Gunnery Sergeant Joseph Felix faces a slew of charges related to Muslim recruit Raheem Siddiqui, who leapt to his own death in March of 2016 according to a news release by TECOM (otherwise known as Marine Corps Training and Education Command.)
Some of the many charges include drunk and disorderly conduct as well as obstruction of justice and maltreatment. While none of the charges directly link him to the death of the recruit, the charges of maltreatment stem from certain instances prior to his death, to include slapping him before he fell three stories from his barracks.
In September of last year, the Marine Corps released a statement detailing 20 Marines who had been identified to be culpable of misconduct, and were being looked at for possible military justice and administrative action. After Siddiqui’s death, Marine officials launched three separate command level investigations which resulted in a series of changes at the recruit depot as a result of their findings, many of which have been implemented since.
Siddiqui hailed from Taylor, Michigan, and was attached to 3rd Recruit Training Battalion’s Kilo company, one of four companies that make up the 3rd RTB. At 20 years old, he had left college during his freshman year and entered the Marine Corps’ delayed entry program, or DEP, excited to join what he considered America’s finest fighting force. Less than two weeks after his arrival to Parris Island, South Carolina, however, he would fall three stories from his barracks, in what the Corps would later rule as a suicide.

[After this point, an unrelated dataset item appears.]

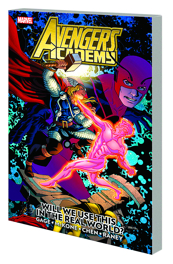 The return of Giant-Man - and Korvac! Academy headmaster Hank Pym once more embraces his classic identity of Giant-Man - but can he bring his former wife, the original Wasp, back from the dead? Meanwhile, when Academy students Hazmat, Veil and Striker discover an Internet video of super villain the Hood torturing their instructor Tigra, will their shocking act of vengeance get them all expelled? And when Michael Korvac - the insanely powerful adversary who once nearly killed the Avengers - makes his shocking comeback, not even they can subdue the powerful demigod! It's resurrections, returns and revenge as five troubled teenagers must face their futures and take on one of the greatest threats to ever face Earth's Mightiest Heroes! Collecting AVENGERS ACADEMY #7-13.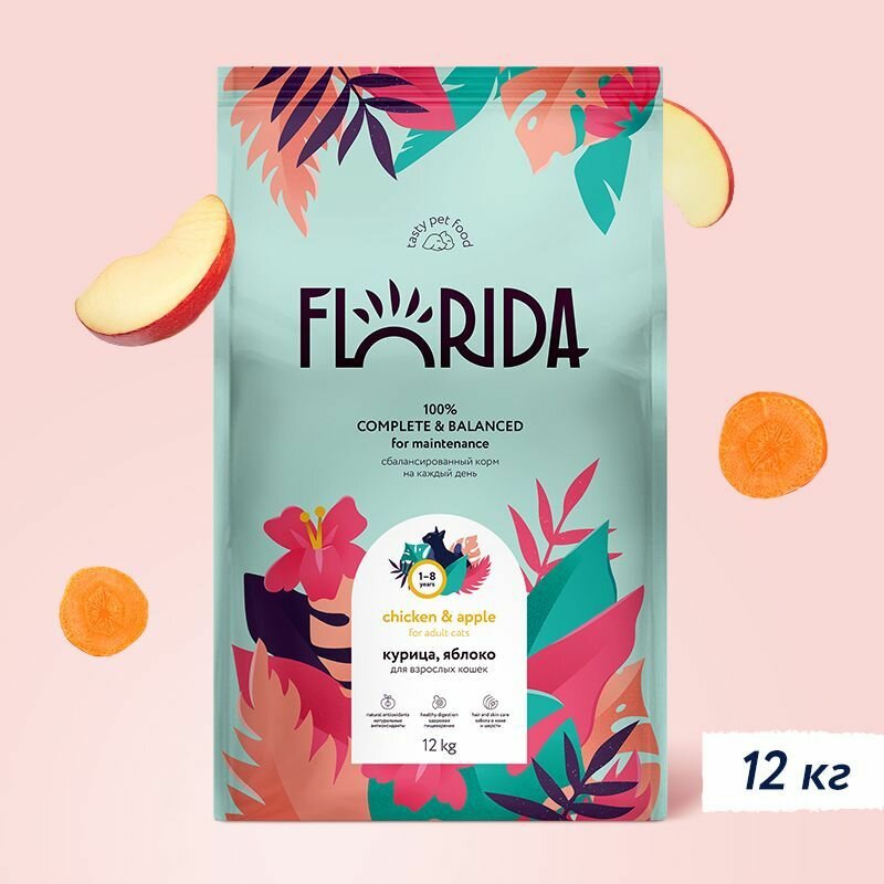 FLORIDA корм для взрослых кошек с курицей и яблоком 12 кг. х 1 шт.

“When America’s men and women commit to becoming Marines, we make a promise to them. We pledge to train them with firmness, fairness, dignity and compassion. Simply stated, the manner in which we make Marines is as important as the finished product. Recruit training is, and will remain, physically and mentally challenging so that we can produce disciplined, ethical, basically-trained Marines,” said Marine Commandant Robert Neller.